Top of Records provided

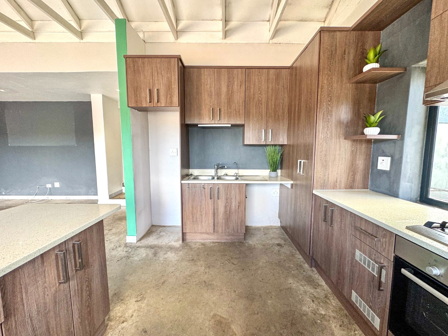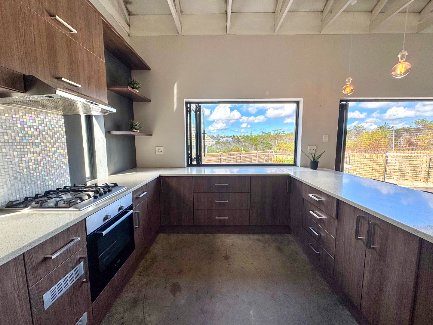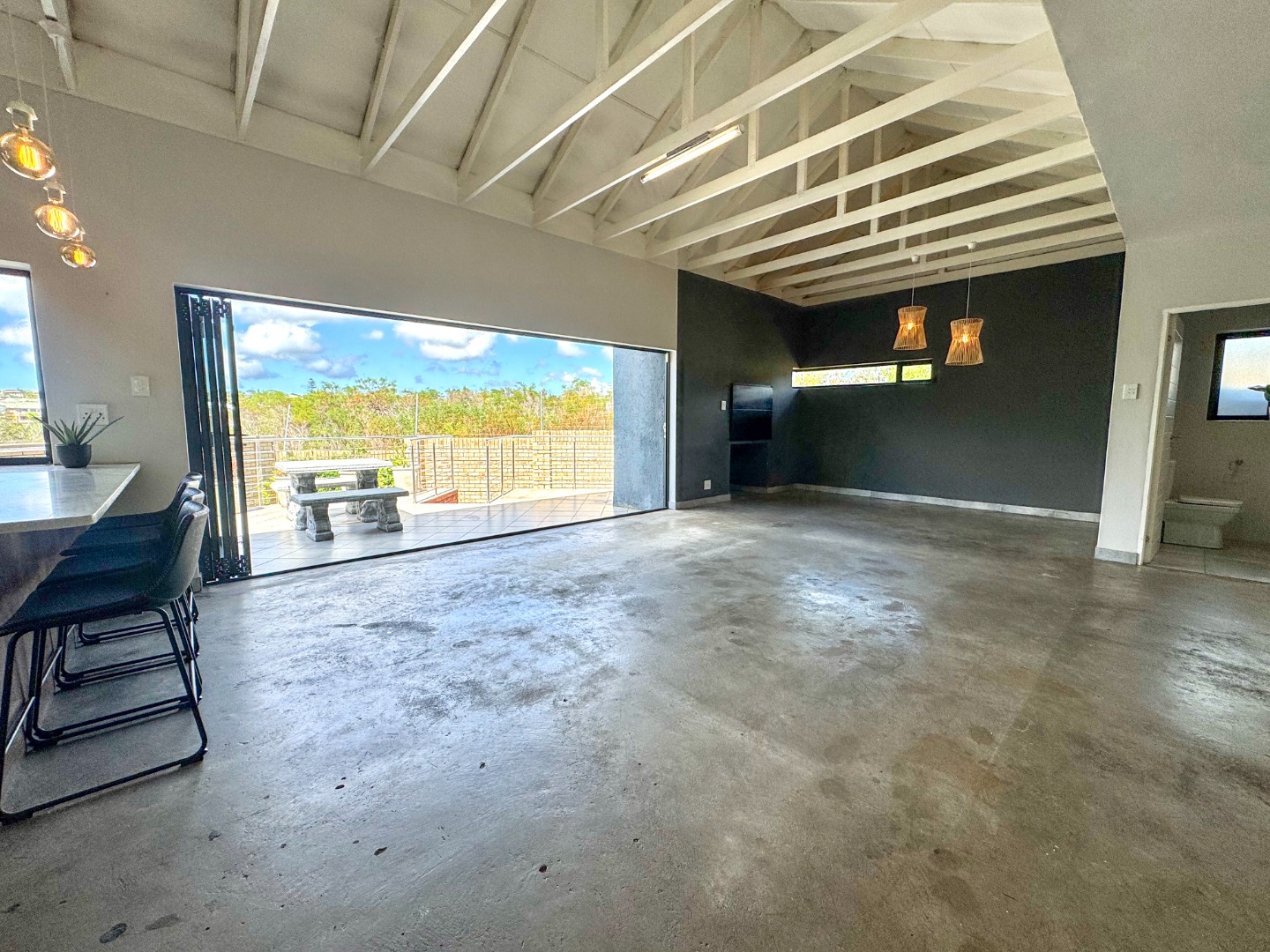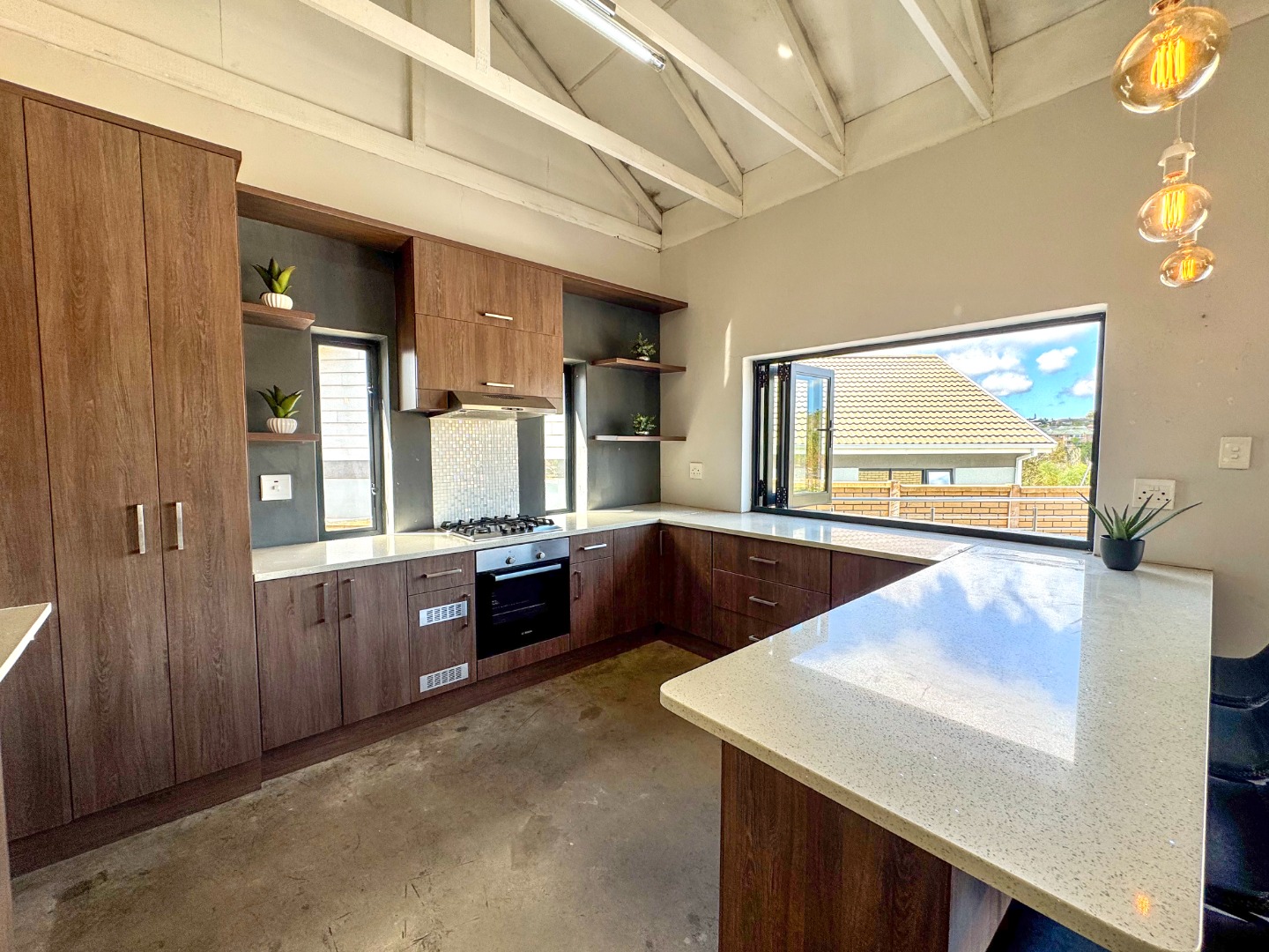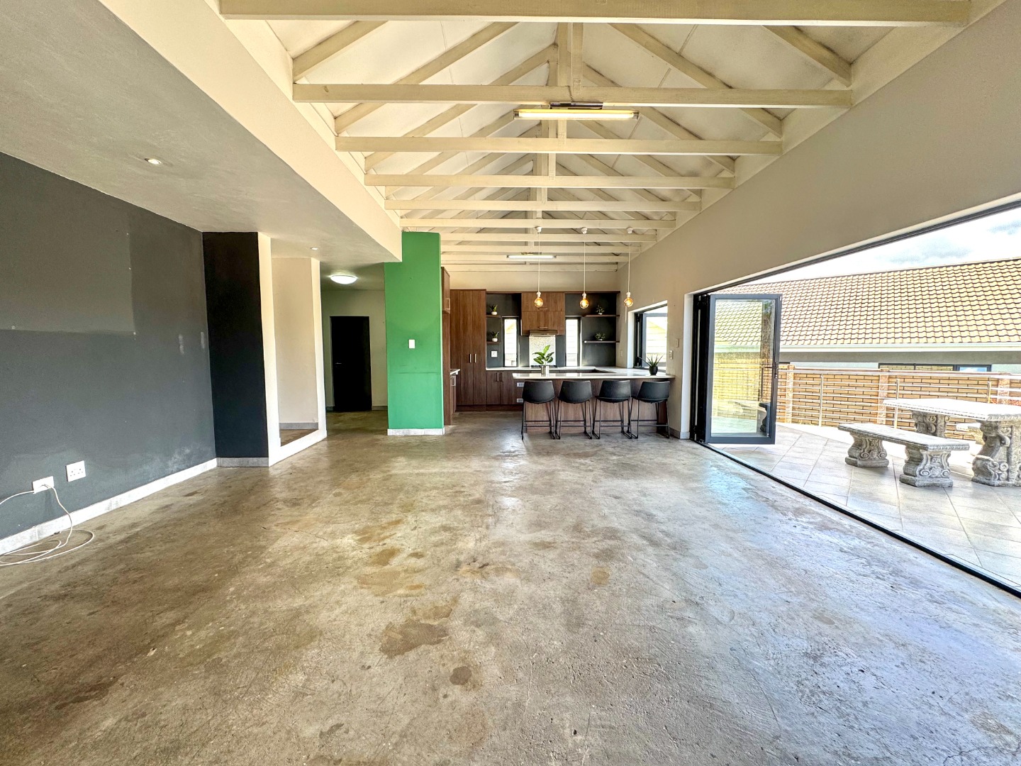 The spacious open-plan lounge, dining area, and kitchen flow seamlessly onto an entertainers’ deck through stacker doors, creating the perfect indoor-outdoor living experience. An indoor and outdoor braai ensures year-round entertaining.
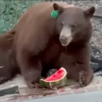 В Калифорнии медведь пробрался на участок и съел арбуз из холодильника
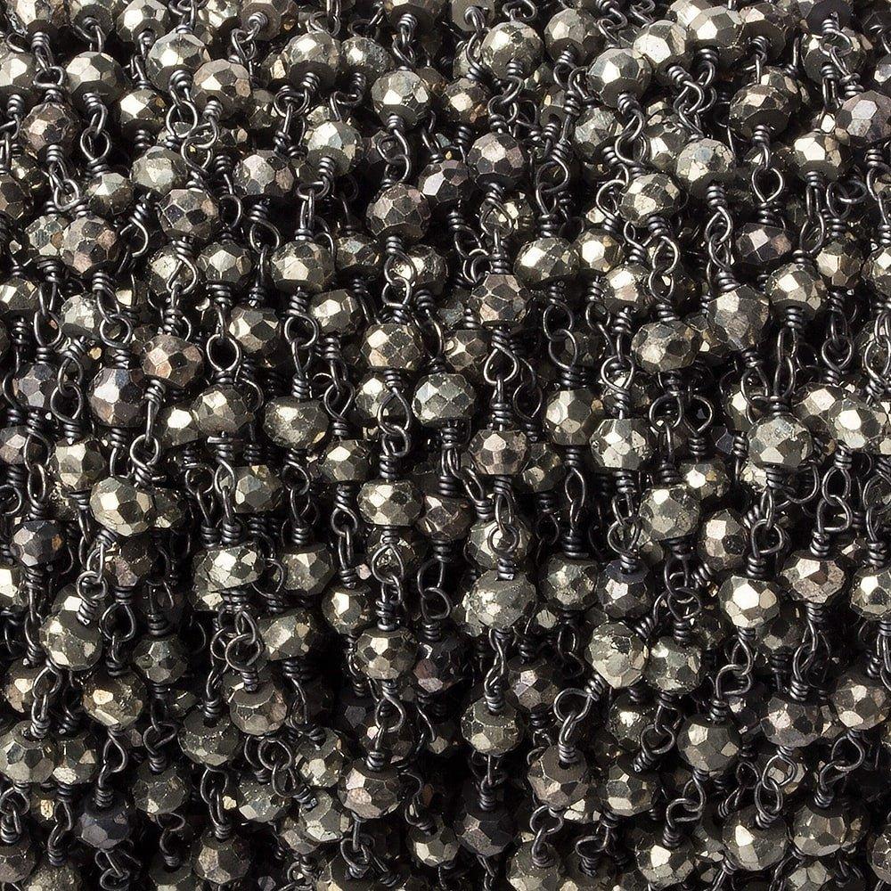 4mm Pink Amethyst faceted rondelle Black Gold plated Chain by the foot 38 pcs - The Bead Traders
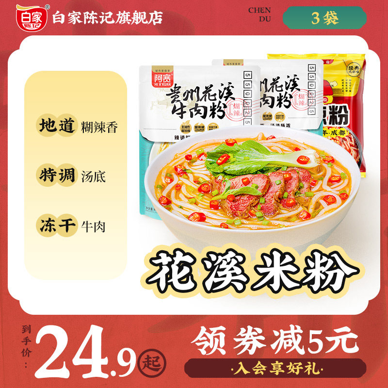 天猫白家陈记旗舰店,阿宽贵州特产花溪牛肉米粉懒人泡面,贵州特色美食 髓牛骨熬成鲜浓原汤 爽口麻香
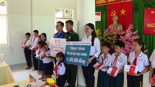 Đại diện lãnh đạo Tỉnh đoàn, Công ty Cổ phần Phân bón Dầu khí Cà Mau trao lì xì tết cho các em thiếu nhi trên đảo
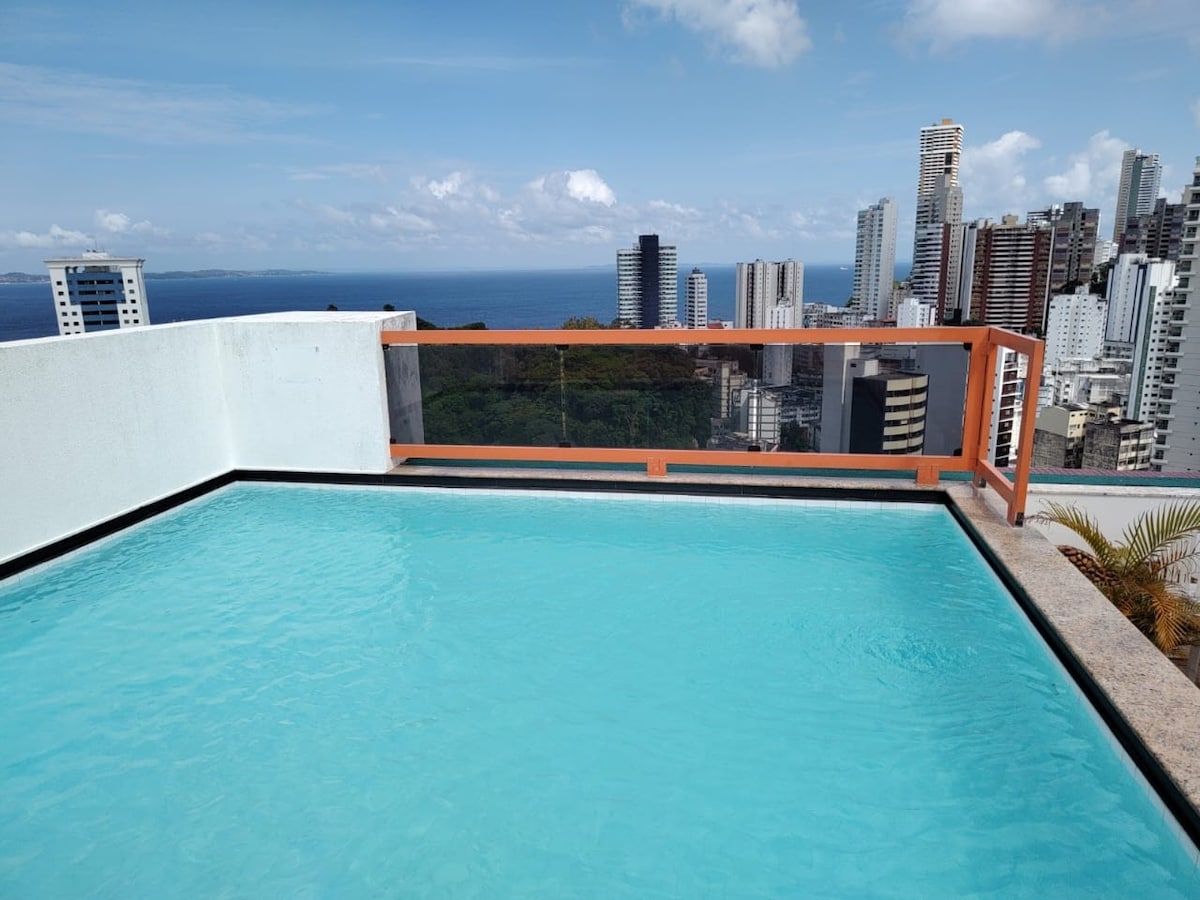 Przechodzisz przez ulicę i jesteś na piasku plaży, w morzu! Co powiesz na relaks w basenie na tarasie z panoramicznym widokiem na morze Ondina? Aconchegante flat studio type at front of the beautiful beach with natural pools, safe, 24-hour reception, daily maid service, swimming pool on the terrace, elevator, garage and shops in the building. Ondina to jedna z najlepszych dzielnic na pobyt w Salvadorze jako udogodnienia i piękne odnowione nabrzeże. Precioso Place!

Bottom of Records provided

### Assignment:
Write out, word for word, the lines running from the one containing "天猫白家陈记旗舰店,阿宽贵州特产花溪牛肉米粉懒人泡面,贵州特色美食 髓牛骨熬成鲜浓原汤 爽口麻香" to the end of the data above; the pictures are to be left out.

### Exercise solution:
 天猫白家陈记旗舰店,阿宽贵州特产花溪牛肉米粉懒人泡面,贵州特色美食 髓牛骨熬成鲜浓原汤 爽口麻香
 Đại diện lãnh đạo Tỉnh đoàn, Công ty Cổ phần Phân bón Dầu khí Cà Mau trao lì xì tết cho các em thiếu nhi trên đảo
 Przechodzisz przez ulicę i jesteś na piasku plaży, w morzu! Co powiesz na relaks w basenie na tarasie z panoramicznym widokiem na morze Ondina? Aconchegante flat studio type at front of the beautiful beach with natural pools, safe, 24-hour reception, daily maid service, swimming pool on the terrace, elevator, garage and shops in the building. Ondina to jedna z najlepszych dzielnic na pobyt w Salvadorze jako udogodnienia i piękne odnowione nabrzeże. Precioso Place!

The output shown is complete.